PROBLEM TO WORK ON -> Write out the entries below exactly, starting at the first line and stopping after the line that contains "Šedo-světlerůžový vzorovaný podšitý"; skip all pictures.

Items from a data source

****

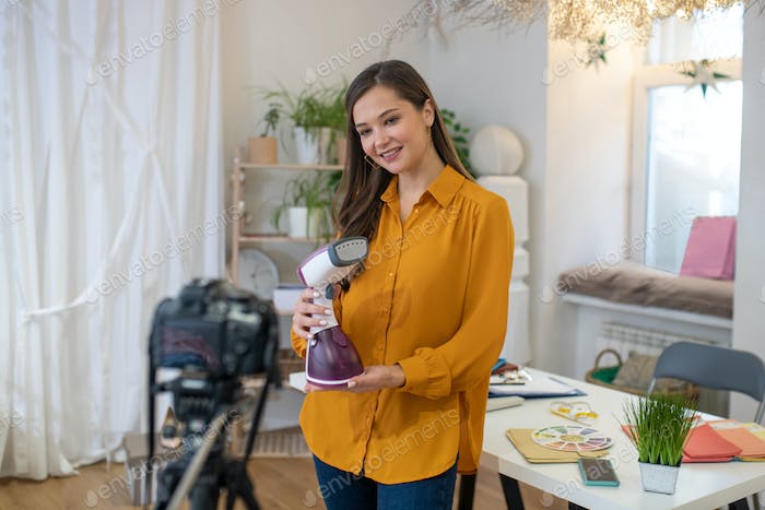 Happy woman making healthy food standing smiling in kitchen preparing food
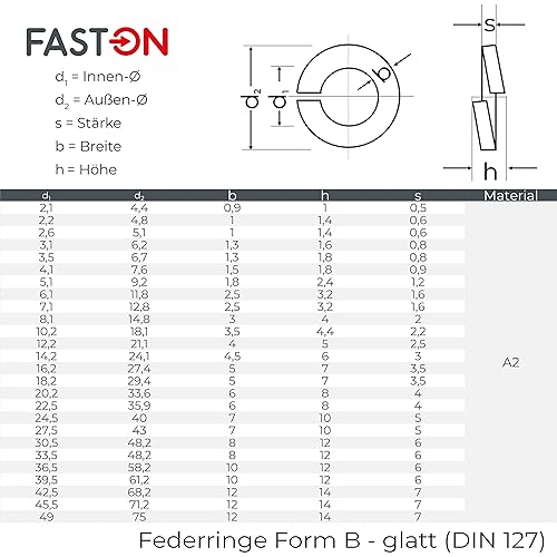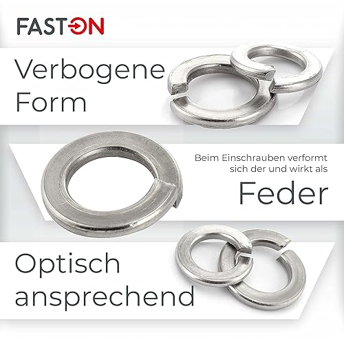 FASTON Federscheiben M10 Edelstahl A2 V2A (100 Stück) DIN 127 Federringe Sprengringe Unterlegscheiben Beilagscheiben
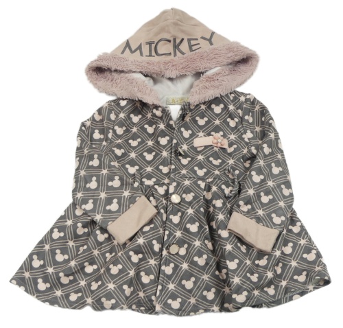 Šedo-světlerůžový vzorovaný podšitý kabát s Minnie a kapucí
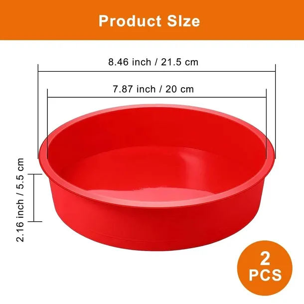 - ?[Wysokiej jakości materiał silikonowy]Okrągła forma do pieczenia wykonana jest z silikonu spożywczego wolnego od BPA, bezpiecznego, trwałego, odpornego na wysokie temperatury, nietoksycznego, bez zapachu, niełatwego do odkształcenia lub pęknięcia, wielokrotnego użytku. Rozmiar to 21,5*20*5,5cm. 8-calowe ciasto jest odpowiednie dla 3-5 osób, idealne na urodziny, przyjęcia, festiwale.
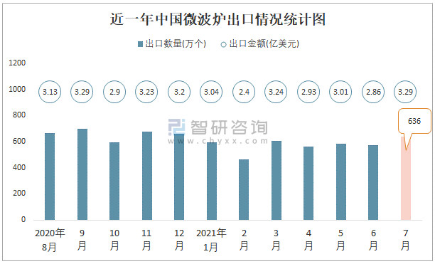 根據(jù)中國海關數(shù)據(jù)顯示:2021年7月中國微波爐出口數(shù)量為636萬個,同比增長1.2%,出口金額為3.29億美元,同比增長11%;2021年1-7月中國微波爐,出口數(shù)量為4014萬個,出口金額為20.77億美元。
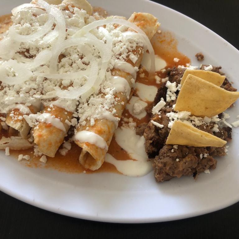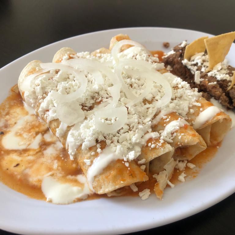 Deliciosas enchiladas en salsa roja con pollo, queso, crema, cebolla y frijoles refritos.
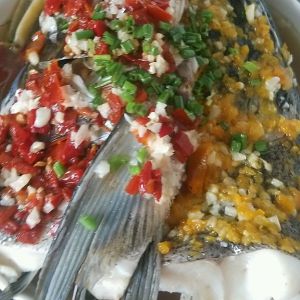 大火15分钟,关火虚蒸5分钟。时间看鱼头大小调整。撒葱花,浇热油,出锅!
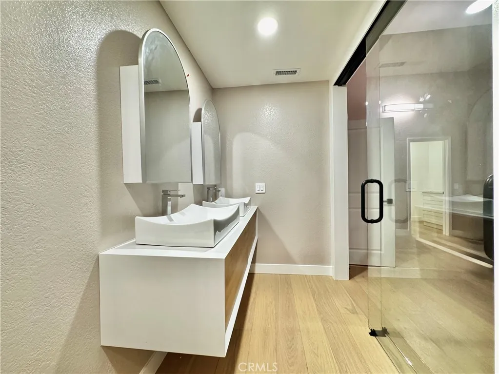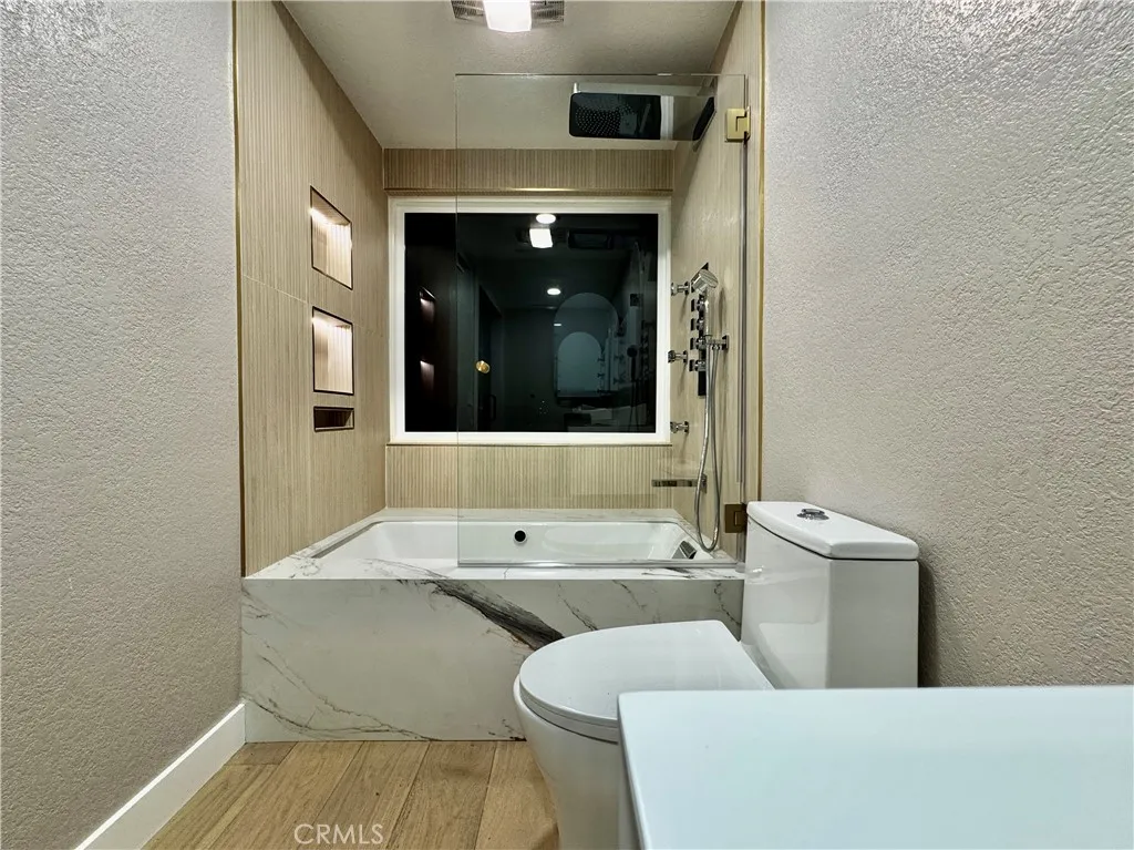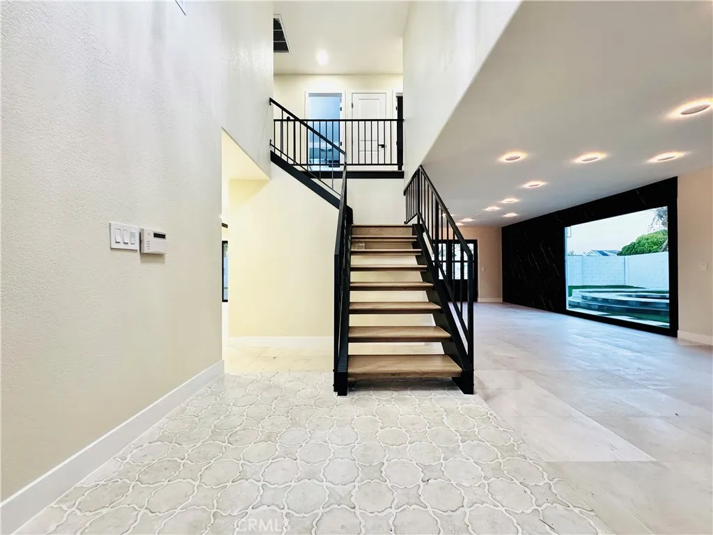 Step into an exquisitely remodeled home where no detail was overlooked. This exceptional two-story residence has been transformed inside and out with high-end finishes and thoughtful design in one of La Palmas most desirable neighborhoods. The gourmet kitchen features premium Jenn Air appliances and custom Koosah Pine cabinetry. The main level showcases elegant natural limestone flooring while the upper level offers engineered wood flooring, totaling approximately $40,000 in premium flooring. The primary bathroom is finished in honed marble for a spa-like experience. Outdoor living has been enhanced with synthetic turf in the rear yard, a brand-new in-ground hot tub with new equipment, and new hardscaping and concrete patios perfect for entertaining. The exterior features new stucco, fresh Dunn-Edwards paint, new doors and windows, and upgraded exterior lighting with high-end fixtures. Interior improvements include a new staircase banisters, all new interior and exterior doors, luxury spa inspired bathrooms, and picture worthy living spaces. Systems and infrastructure have been fully upgraded, including paid-off solar panels, new HVAC, new electrical, and updated irrigation and drainage systems. The front yard has been re-sodded with Marathon sod and high-end light fixtures enhance the interior throughout. This home has approximately $350,000 in premium upgrades, offering exceptional value for buyers seeking a turnkey residence with luxury finishes. Located near a trail just behind the property, residents can enjoy outdoor biking, walks, jogging, or quiet moments in nature.

****

WRITTEN SOLUTION ->
 Happy woman making healthy food standing smiling in kitchen preparing food
 FASTON Federscheiben M10 Edelstahl A2 V2A (100 Stück) DIN 127 Federringe Sprengringe Unterlegscheiben Beilagscheiben
 Šedo-světlerůžový vzorovaný podšitý kabát s Minnie a kapucí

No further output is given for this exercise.